Rap1の活性化は神経の興奮性を高め報酬関連行動を促進する
　私たちは、側坐核のD1R-細胞で特異的にPKAやRap1が恒常的に活性化しているマウスを作製し、これらのマウスではD1R-細胞の興奮性とコカインの効果が普通のマウスと比べて増加することを示しました。また、側坐核のD1R-細胞で特異的にRap1が欠損しているマウスでは、D1R-細胞の興奮性とコカインの効果が普通のマウスよりも減少することを確認しました。さらに、Rap1の下流にはMAPKと呼ばれる分子が関係していることも見つけました。以上の結果から、Rap1シグナルは報酬（快感）シグナルとして機能することを世界で初めて明らかにしました（図2）。通常はドーパミン濃度が低く、D1R-細胞の興奮性や神経活動は抑制されている状態にあるため、報酬（快感）関連行動は起こりません（図2A）。ドーパミンが側坐核で大量に放出されると、D1Rを介してPKA-Rap1シグナルの活性化が起こります。
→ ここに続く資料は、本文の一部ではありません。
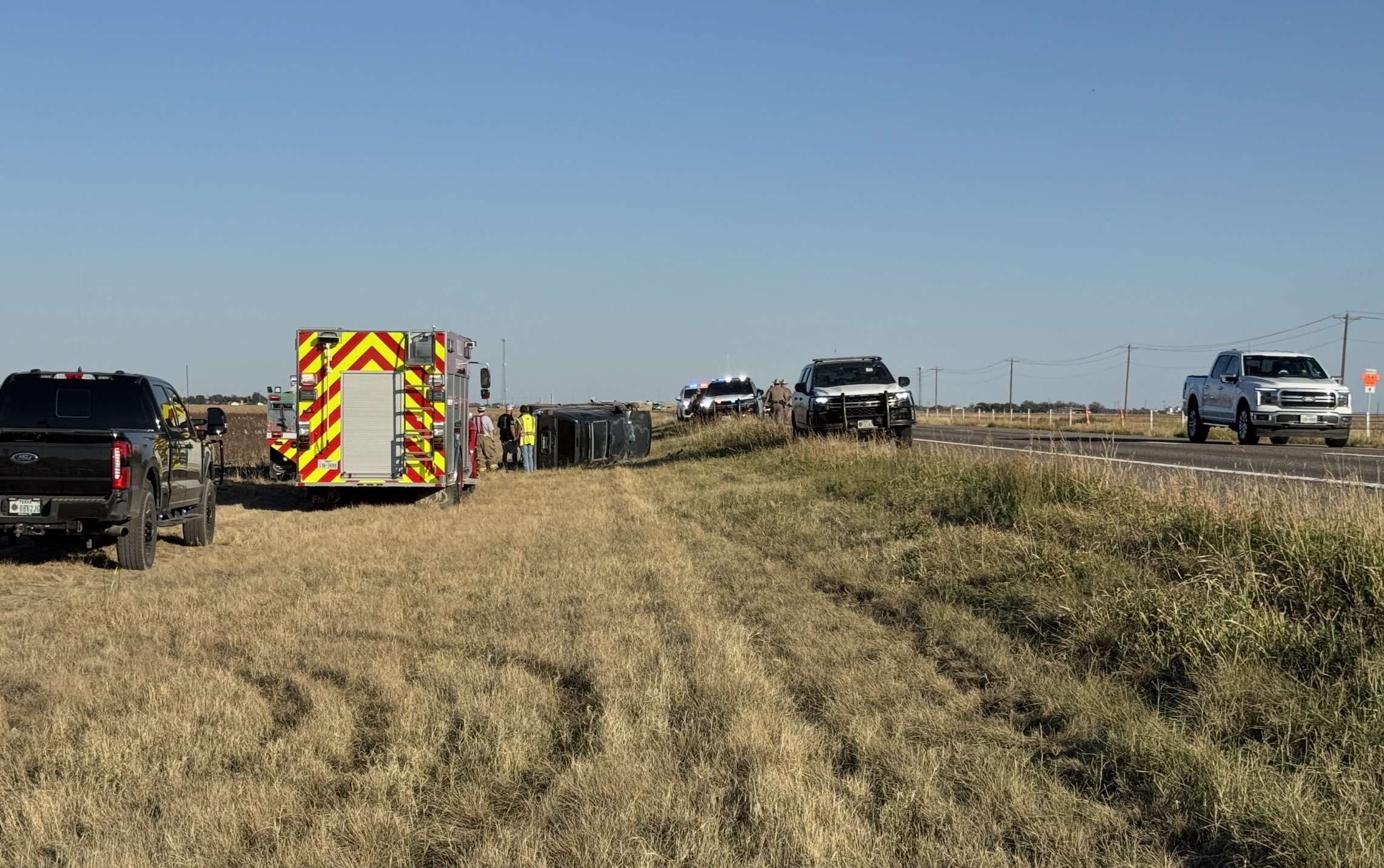 The crash was reported at about 3:40 p.m. Wall Volunteer Fire Department, San Angelo Fire Department, Texas DPS, and the Tom Green County Sheriff’s Office responded and found the vehicle overturned off the roadway. No entrapments were reported.

Rap1シグナルにより細胞の興奮性が高まると、グルタミン酸などの興奮性入力に応答して神経活動が増加し、報酬（快感）関連行動が引き起こされるのです（図2B）。 つまり、ドーパミンはPKA-Rap1シグナルを介して応答性の低い神経細胞を応答性の高い状態に遷移させ、神経回路を作動しやすくすることで快感を生み出しているのです。


おわりに
　本研究によりドーパミンがD1R-細胞の膜興奮性を制御する分子メカニズムを解明することができました。私たちはPKAの他にも様々なキナーゼのリン酸化基質の探索も実施しており、得られた情報を蓄積してデータベースKinase-Associated Neural Phospho-Signaling Database（KANPHOS; https://kanphos.neuroinf.jp）を作製しています3)。KANPHOSには、15種類以上のキナーゼによってリン酸化される基質が登録されており、質量分析装置を使用した独自の方法で同定された新規のデータを多数含んでいます。また、登録されているデータはスペシャリストによってクオリティコントロールされています。私たちはすでにKANPHOSを一般公開していますので、是非有効活用して頂きたいと思います。
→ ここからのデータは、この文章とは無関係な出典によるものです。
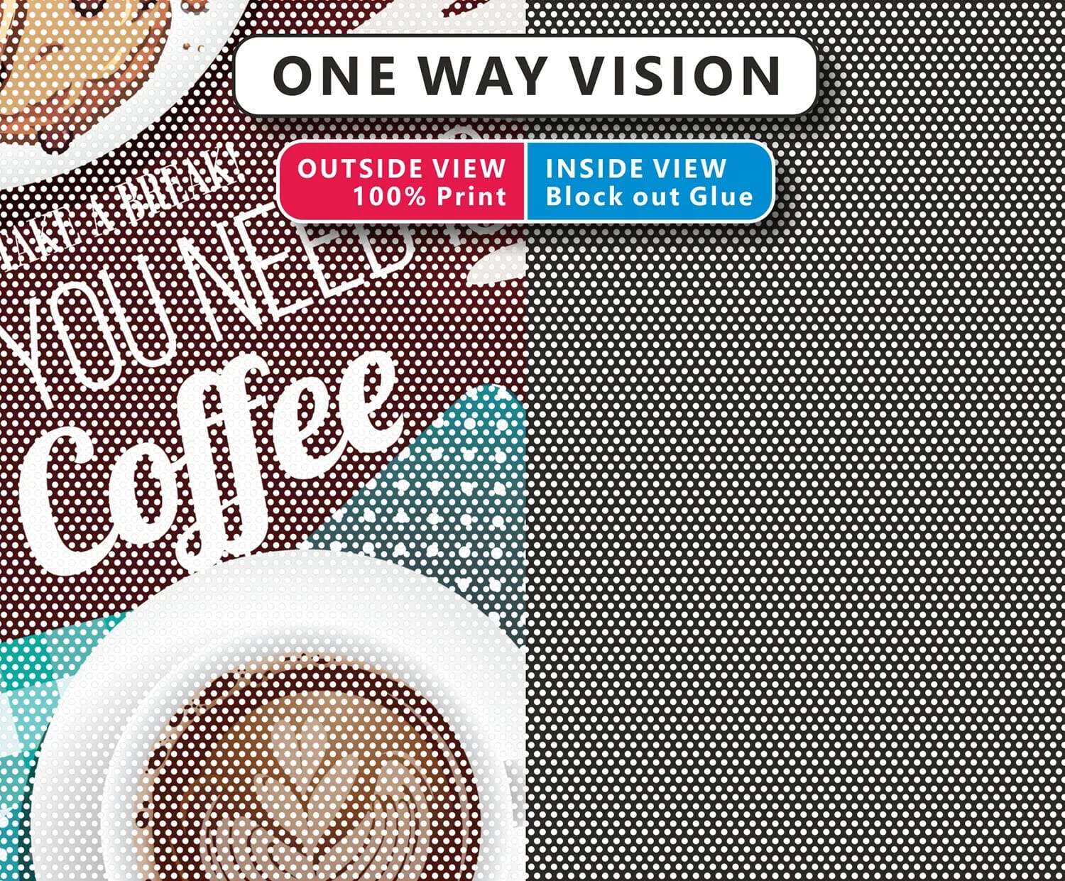 One way vision as name implies is a self adhesive banner film of vinyl material which allows vision from one side and block the same from other side.

1) Nicola SM, Surmeier J, Malenka RC. Dopaminergic modulation of neuronal excitability in the striatum and nucleus accumbens. Annu. Rev. Neurosci. 23, 185–215, 2000. 
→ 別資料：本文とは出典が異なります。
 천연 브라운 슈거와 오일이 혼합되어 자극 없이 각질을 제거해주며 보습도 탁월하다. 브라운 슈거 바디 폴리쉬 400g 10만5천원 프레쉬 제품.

2) Nagai T, Nakamuta S, Kuroda K, Nakauchi S, Nishioka T, Takano T, Zhang X, Tsuboi D, Funahashi Y, Nakano T, Yoshimoto J, Kobayashi K, Uchigashima M, Watanabe M, Miura M, Nishi A, Kobayashi K, Yamada K, Amano M, Kaibuchi K. Phosphoproteomics of the dopamine pathway enables discovery of Rap1 activation as a reward signal in vivo. Neuron, 89, 550–565, 2016.
3) Nagai T, Yoshimoto J, Kannon T, Kuroda K, Kaibuchi K. Phosphorylation signals in striatal medium spiny neurons. Trends Pharmacol. Sci. 37, 858–871, 2016.